* [To do]
Practice item. Set the material below down again exactly, with no pictures.

* [Data excerpt]
-- Opening Marker --

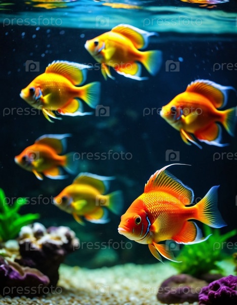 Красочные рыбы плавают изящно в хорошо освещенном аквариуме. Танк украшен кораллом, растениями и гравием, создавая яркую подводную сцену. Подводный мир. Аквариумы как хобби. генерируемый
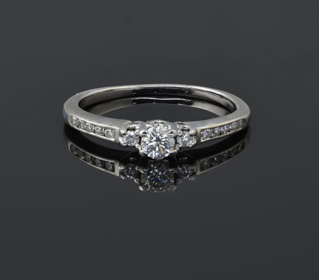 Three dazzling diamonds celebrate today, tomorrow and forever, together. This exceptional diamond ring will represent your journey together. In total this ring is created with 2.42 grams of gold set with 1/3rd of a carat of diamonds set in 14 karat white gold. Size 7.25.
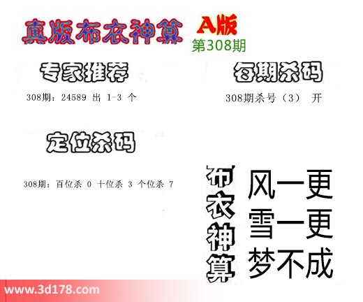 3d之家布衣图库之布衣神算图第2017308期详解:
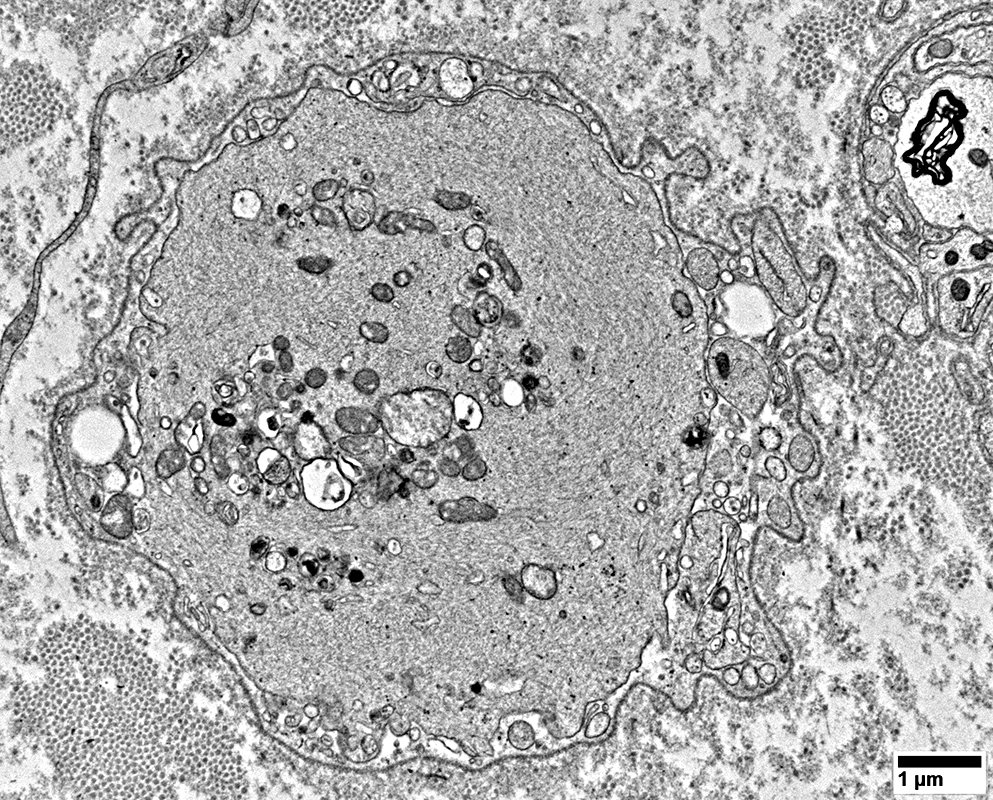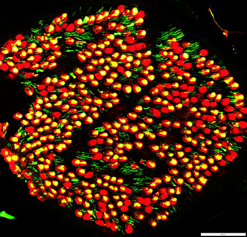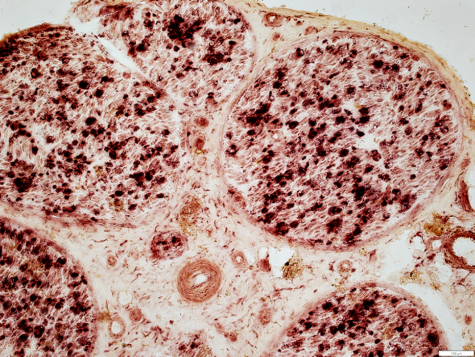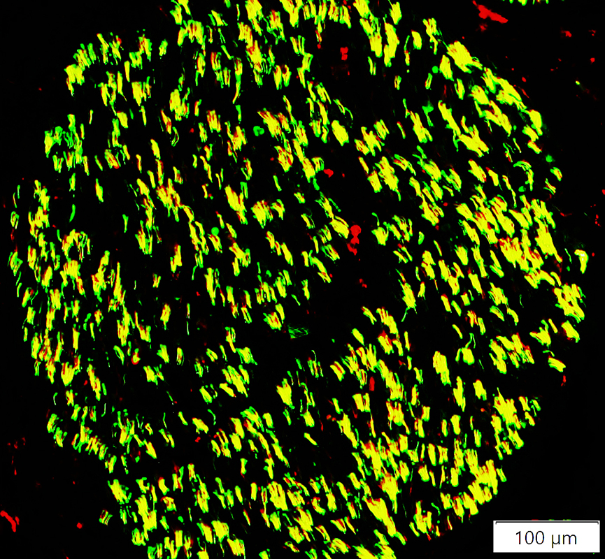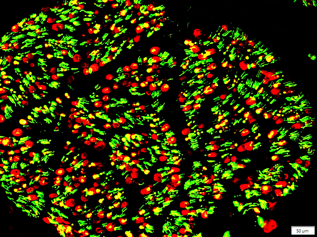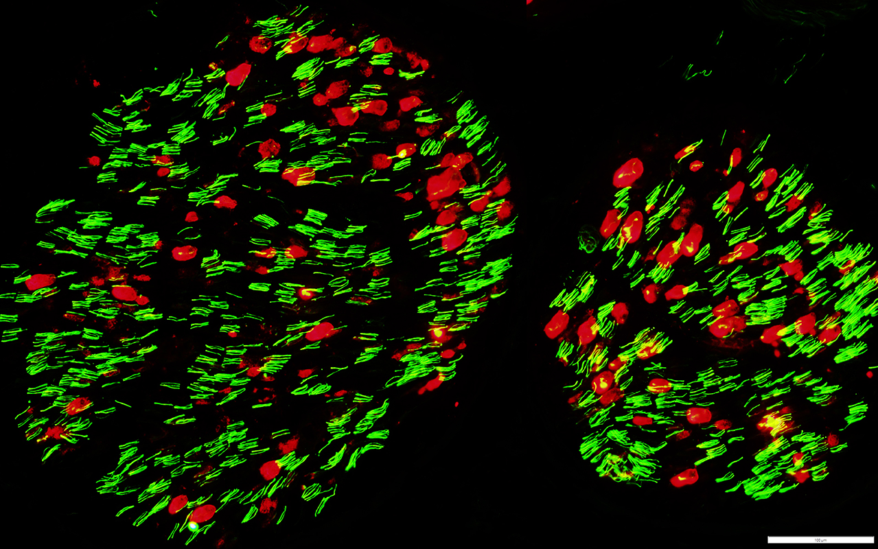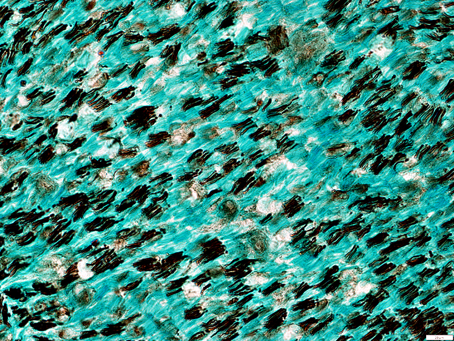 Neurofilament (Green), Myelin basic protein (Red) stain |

-- Closing Marker --

* [Response]
 Красочные рыбы плавают изящно в хорошо освещенном аквариуме. Танк украшен кораллом, растениями и гравием, создавая яркую подводную сцену. Подводный мир. Аквариумы как хобби. генерируемый
 Three dazzling diamonds celebrate today, tomorrow and forever, together. This exceptional diamond ring will represent your journey together. In total this ring is created with 2.42 grams of gold set with 1/3rd of a carat of diamonds set in 14 karat white gold. Size 7.25.
 3d之家布衣图库之布衣神算图第2017308期详解:
 Neurofilament (Green), Myelin basic protein (Red) stain |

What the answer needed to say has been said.